Easy. Imagine a machine with separate address and data registers,
with the address registers having the property that putting an address
into an address register causes virtual-memory translation to occur
immediately. Imagine further a compiler whose calling sequence for
member functions involves putting the value of `this' into one of
these address registers
Then the caller might put the invalid address into the register intended
to contain `this,' on the assumption that the callee will use it,
and the virtual-memory translation might cause a trap at that point,
even though the callee never actually uses the address.
It's the same kind of logic that prohibits the following:
int* p1 = new int;
int* p2 = p1;
delete p1;
int* p3 = p2; // undefined behavior
Although "delete p1" could not have changed the value of p2, the fact
that p2 pointed to memory that has been deleted means that the value of
p2 cannot even be copied, whether or not any overt attempt is made to
dereference p2.
--
Andrew Koenig
a...@research.att.com
http://www.research.att.com/info/ark
John Goodwin
<mun...@itacs.strath.ac.uk> wrote:
snip
>Passing around "bad" pointers is acceptable, just as long as you don't
>follow the pointer.
Passing "bad" pointers may work, but it's hardly "acceptable". That
bad pointer might get passed on, and eventualy, many months hence used
by another programmer.
Murphy's law states that it would then work until the shrink wraps had
been manufactured.
JG
John Goodwin
<fra...@robinton.demon.co.uk> wrote:
>In article <369c9f6c....@news.demon.co.uk>, John Goodwin
><J...@opticon.demon.co.uk> writes
>>>Andrei Alexandrescu wrote:
>>>>
>>>> class A {
>>>> int f(int i) { return i + 5; }
>>>> };
>>>> int main()
>>>> {
>>>> A * pA;
>>>> pA->f(1);
>>>> }
>>>> The question is, is the code guaranteed to work?
>>>
>>>No. It is undefined behaviour since a member function on an invalid
>>>(uninitialized) object is invoked. It is equivalent to (*pA).f(1),
and,
>>>there is no object at (*pA).
>>
>>It may be useful to consider it that way at a higher level, but most
>>ordercode processors would not in fact operate in that fashion.

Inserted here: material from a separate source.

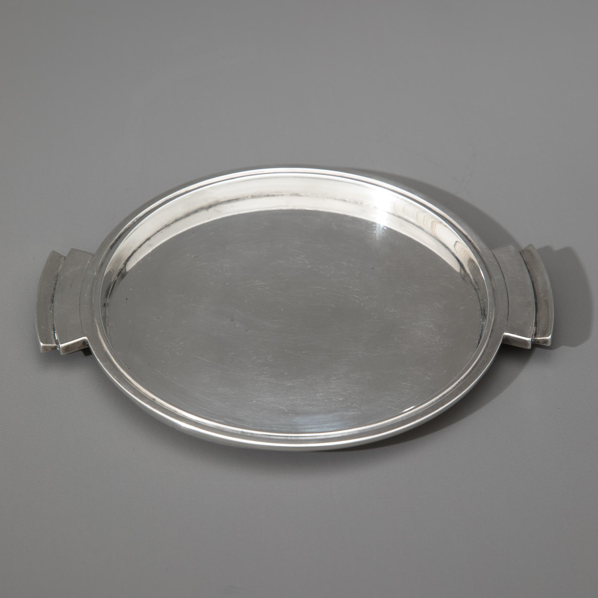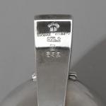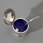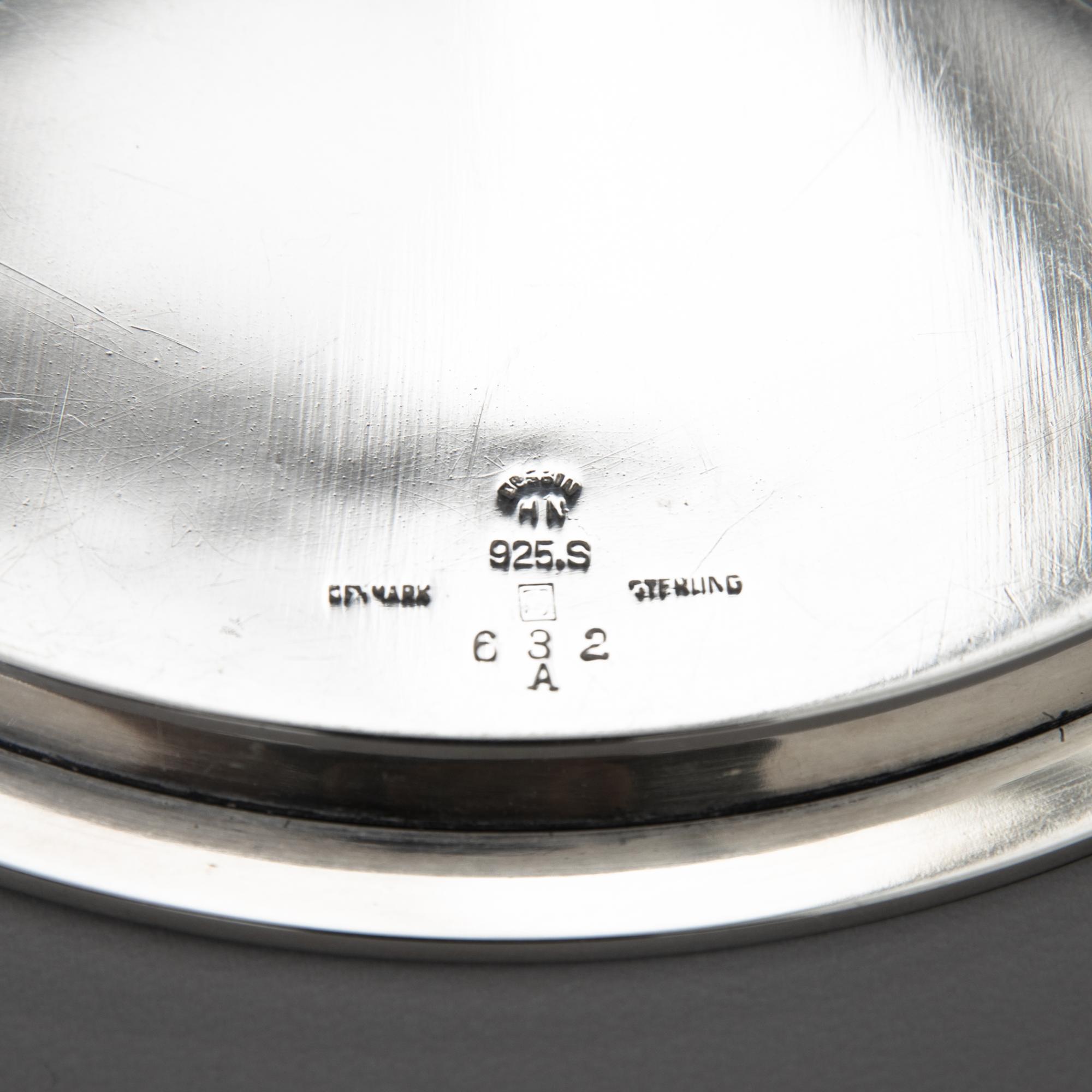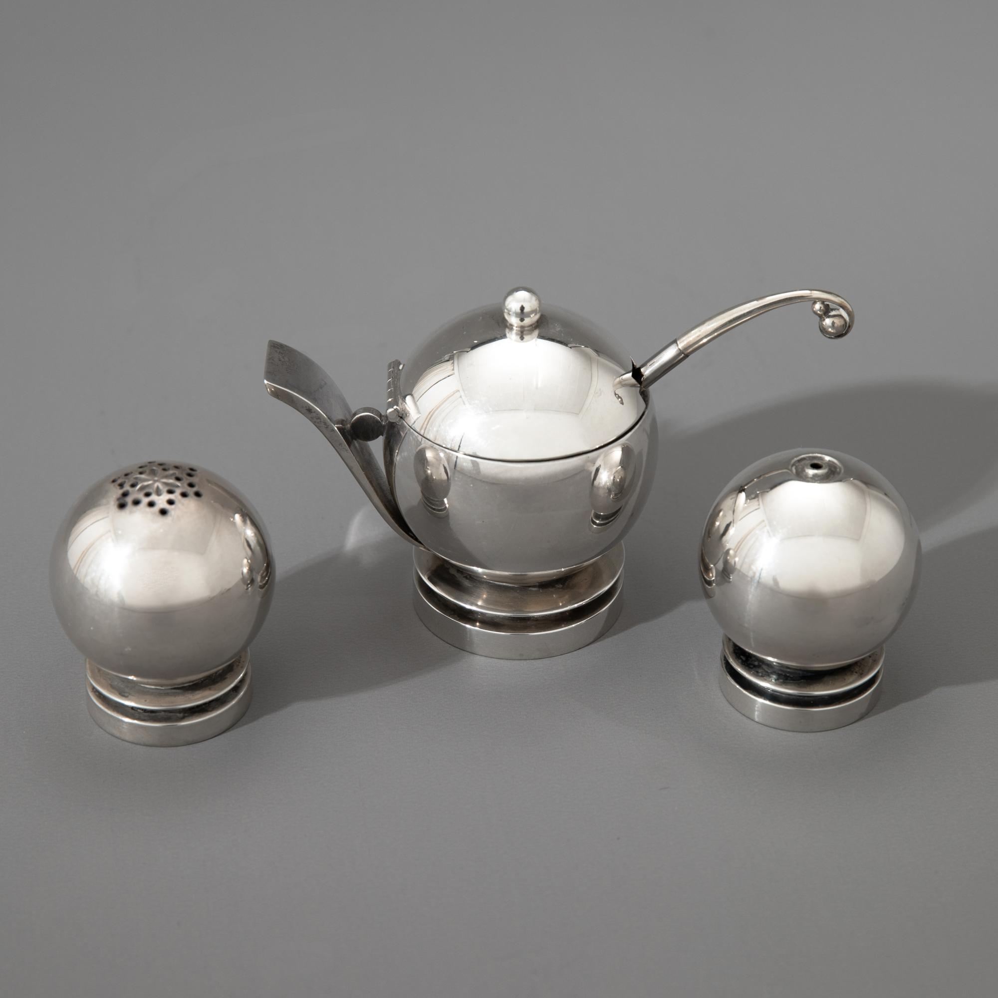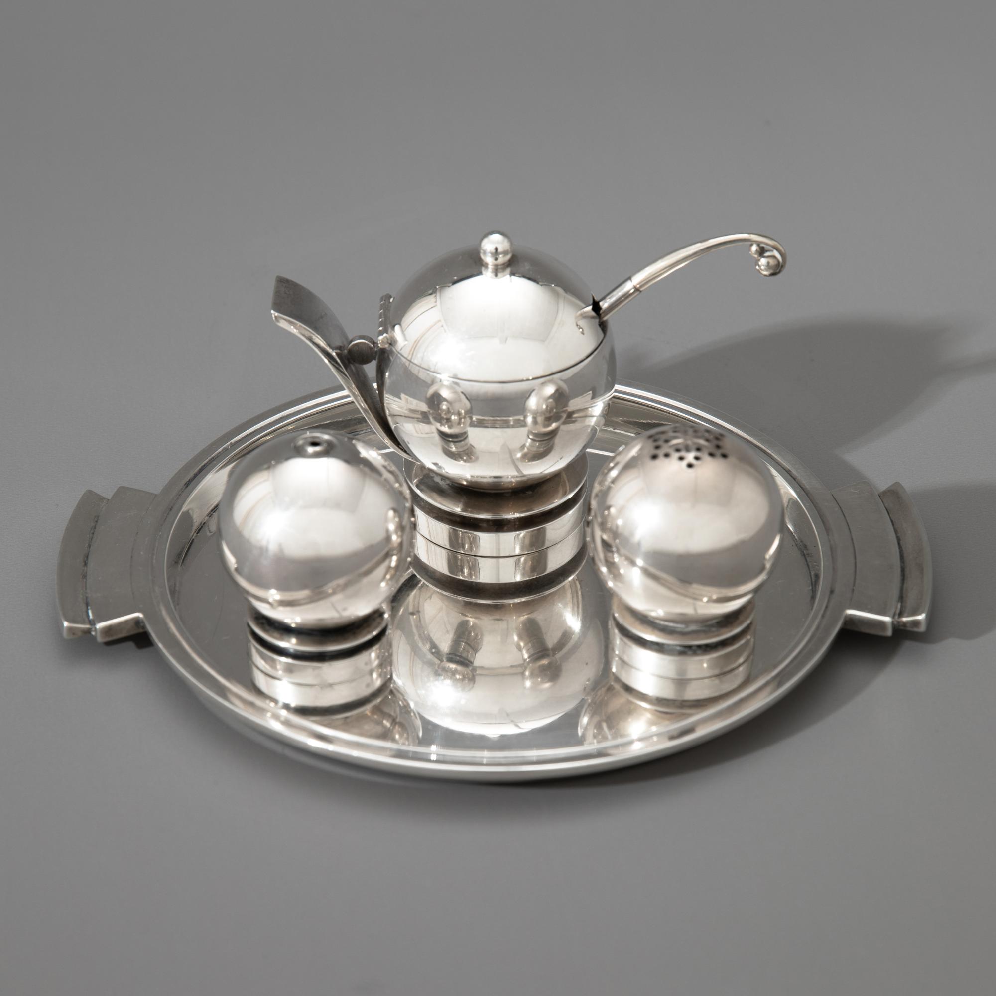 Senftopf mit Löffel, Pfeffer- und Salzstreuer auf Tablett. Entwurf: Harald Nielsen. Sterlingsilber, blaues Email. Insgesamt 392 Gramm. H. 4,5-6,5 cm, 17,2 x 14,2 cm; L. 8,3 cm. Ausführung: 1933-44. Gestempelt: Werkstattmarken, 925S, 632, DESSIN HN.

>>The *call* to the member function above does not require a pointer.
>>True the uninitialisd pA will be passed (without dereferencing), but
>>since this is not used it's hard to see how it would cause an error.
>>
>>I'd be interested to see if anyone can suggest how it could be
>>compiled to produce an error (assuming no debug code is introduced).
>
>The type of f is pointer to member taking an int and returning an int.
Agreed.
>Without optimisation:
>
>the code must dereference f (that is the way functions work) to obtain
>the location of f,
Only if you consider placing a literal value in the IP register to be
dereferencing !
> the arguments for the call (this and a temp int with
>value 1) placed for transfer. At this stage you have a wild pointer
>floating around.
Agreed.
>The very fact that even the simplest compiler circumvents this is what
>makes writing code so very dangerous.
Again, agreed. Of course, a decent development compiler would complain
about the use of an uninitialised variable, but not all are that
forthcoming :(
>Its working relies entirely on
>several fortuitous circumstances (non-virtual function, makes no access
>to member data etc.)
Yes, and in the example given (which is what we were discussing), all
the circumstances to the left of etc. do indeed hold.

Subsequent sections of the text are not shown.